In SPRINT, CVD mortality reduced 43%

In the 9,631-patient SPRINT trial, the intensive treatment group achieved a mean SBP of 121.4 mm Hg versus 136.2 mm Hg in the standard treatment group at the end of 1 year. The trial was stopped early after 3.26 years because of strength of the benefit in the intensive treatment arm. At that time, the reductions by hazard ratio were 25% (HR, 0.75; P < .001) for a composite major adverse cardiovascular event (MACE) endpoint, 43% for CVD mortality (P = .005), and 27% for all-cause mortality (P = .003).
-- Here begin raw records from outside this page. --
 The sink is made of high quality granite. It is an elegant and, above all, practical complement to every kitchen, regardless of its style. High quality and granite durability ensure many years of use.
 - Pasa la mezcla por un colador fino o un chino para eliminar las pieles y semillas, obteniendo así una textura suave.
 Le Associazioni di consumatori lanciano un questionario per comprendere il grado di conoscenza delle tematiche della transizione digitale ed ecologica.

In the new observational follow-up, mortality data were drawn from the National Death Index, and change in SBP from electronic health records in a subset of 2,944 SPRINT trial participants. Data were available and analyzed through 2020.

The newly published long-term observational analysis showed that the median SBP in the intensive treatment arm was already climbing by the end of the end of the trial. It reached 132.8 mm Hg at 5 years after randomization and then 140.4 mm Hg by 10 years.
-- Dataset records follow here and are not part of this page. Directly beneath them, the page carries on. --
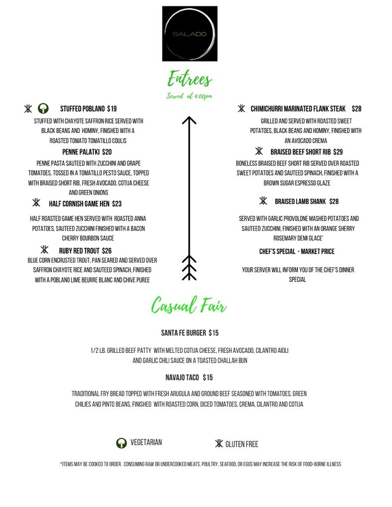 Welcome to Salado, an American bar located in the heart of Fairplay, Colorado. Offering a delightful blend of Southwestern flavors, Salado's menu is a feast for the senses. The standout dish, the Braised Short Rib, has garnered rave reviews for its tenderness and rich flavor, resulting from 18 hours of braising. Customers praise the Jicama Orange Salad and Asparagus Bisque for their refreshing and comforting qualities, making them perfect starters.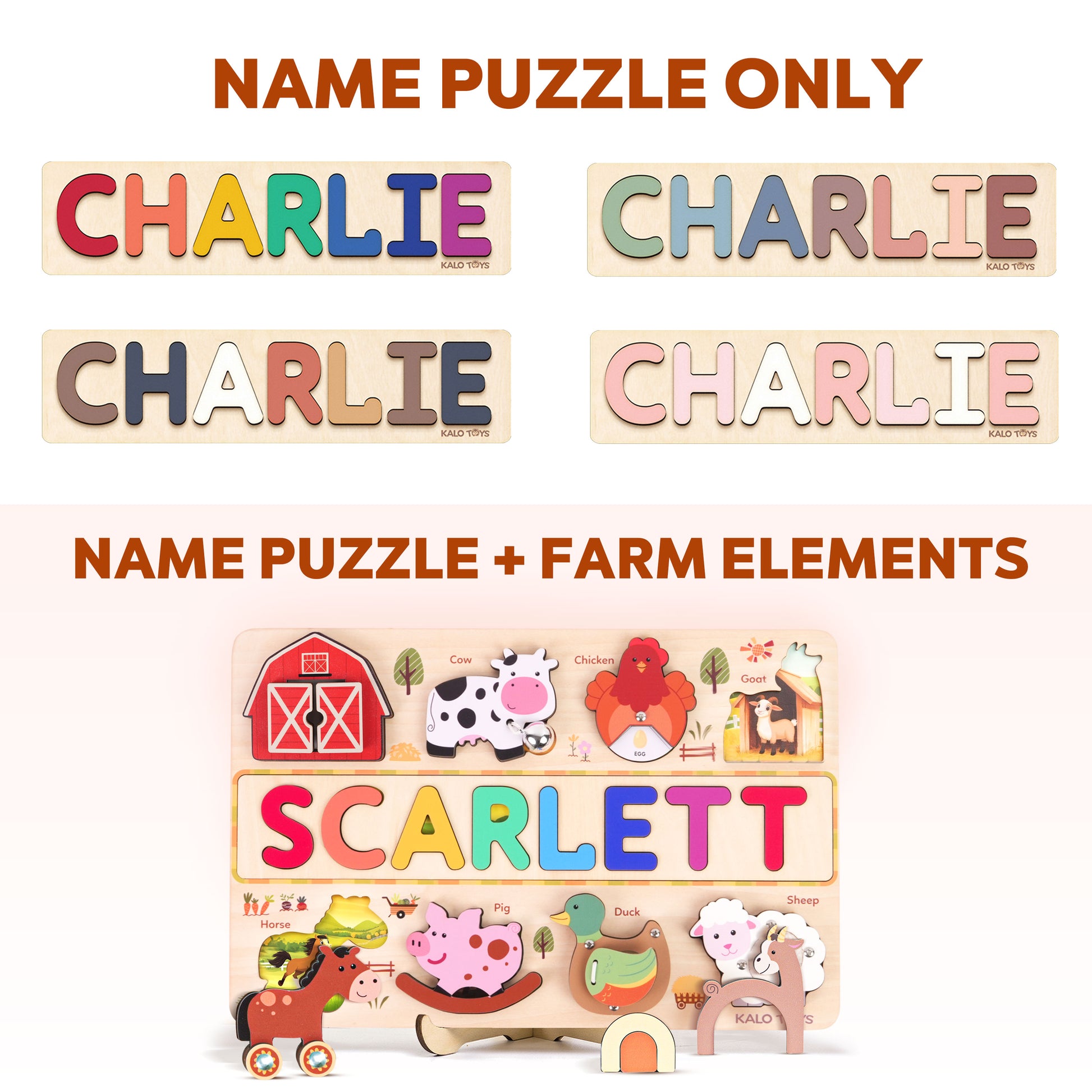 Personalized Wooden Name Puzzle – Farm Animal Sensory Toy for Toddlers (1 2 3 Years)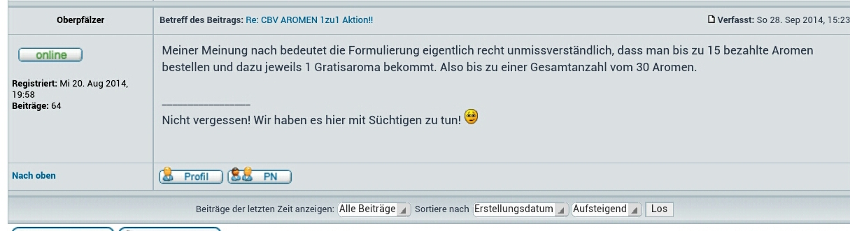 Also wer lesen kann ist klar im Vorteil. Obiges heisst: Man kann sich 15 Aromen a 10 oder 20ml oder gemixt zum normalen Kurs dort in den Warenkorb legen. Beim CheckOut traegt man dann in das Textfenster fuer die persoenlichen Hinweis an CBV die 15 Aromen ( so man zuvor 15 im Korb liegen hat ) welche einem CBV kostenlos beilegen soll. Sollte man also 5 Stueck a 20ml im Korb liegen haben und 10 Stueckl a 10ml, schreibt man in das Textfenster die 5 Stueck a 20ml Aromen rein welche kostenlos beileget werden sollen und die 10 Aromen a 10ml welche CBV kostenlos beilegen soll.

This latter figure was essentially equivalent to the SBP among those who were initially randomized to the standard treatment arm.
 

 

 

Factors driving rising BP are unclear

There is limited information on what medications were taken by either group following the end of the trial, so the reason for the regression in the intensive treatment arm after leaving the trial is unknown. The authors speculated that this might have been due to therapeutic inertia among treating physicians, poor adherence among patients, the difficulty of keeping blood pressures low in patients with advancing pathology, or some combination of these.

“Perhaps the most important reason was that providers and patients were not aiming for the lower goals since guidelines did not recommend these targets until 2017,” Dr. Cushman pointed out. He noted that Healthcare Effectiveness Data and Information Set (HEDIS) “has still not adopted a performance measure goal of less than 140 mm Hg.”
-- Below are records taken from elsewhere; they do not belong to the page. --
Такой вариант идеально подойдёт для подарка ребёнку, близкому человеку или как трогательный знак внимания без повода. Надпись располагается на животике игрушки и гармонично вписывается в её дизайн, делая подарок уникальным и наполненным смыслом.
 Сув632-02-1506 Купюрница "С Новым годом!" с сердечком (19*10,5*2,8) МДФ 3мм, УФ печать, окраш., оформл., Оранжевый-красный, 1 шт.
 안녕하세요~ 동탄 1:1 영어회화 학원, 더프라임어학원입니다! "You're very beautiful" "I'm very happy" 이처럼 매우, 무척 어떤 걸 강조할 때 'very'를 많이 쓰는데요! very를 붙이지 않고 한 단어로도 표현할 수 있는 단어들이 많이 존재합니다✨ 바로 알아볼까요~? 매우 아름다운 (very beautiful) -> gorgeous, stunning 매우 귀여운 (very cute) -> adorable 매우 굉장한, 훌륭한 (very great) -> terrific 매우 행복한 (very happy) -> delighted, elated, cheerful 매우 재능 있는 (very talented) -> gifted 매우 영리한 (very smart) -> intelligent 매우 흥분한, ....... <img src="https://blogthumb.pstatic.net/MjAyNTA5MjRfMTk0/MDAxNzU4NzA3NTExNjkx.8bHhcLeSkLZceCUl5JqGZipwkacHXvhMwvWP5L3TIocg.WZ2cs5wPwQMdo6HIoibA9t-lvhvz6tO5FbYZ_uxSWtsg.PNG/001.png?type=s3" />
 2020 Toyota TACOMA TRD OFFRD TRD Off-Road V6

In an accompanying editorial, the authors focused on what these data mean for population-based strategies to achieve sustained control of one of the most important risk factors for cardiovascular events. Led by Daniel W. Jones, MD, director of clinical and population science, University of Mississippi, Jackson, the authors of the editorial wrote that these data emphasized “the challenge of achieving sustained intensive BP reductions in the real-world setting.”

Dr. Daniel W. Jones

Basically, the editorial concluded that current approaches to achieving meaningful and sustained blood pressure control are not working.

This study “should be a wakeup call, but other previously published good data have also been ignored,” said Dr. Jones in an interview. Despite the compelling benefit from intensive blood pressure control the SPRINT trial, the observational follow-up emphasizes the difficulty of maintaining the rigorous reductions in blood pressure needed for sustained protection.

“Systemic change is necessary,” said Dr. Jones, reprising the major thrust of the editorial he wrote with Donald Clark III, MD, and Michael E. Hall, MD, who are both colleagues at the University of Mississippi.

“My view is that health care providers should be held responsible for motivating better compliance of their patients, just as a teacher is accountable for the outcomes of their students,” he said.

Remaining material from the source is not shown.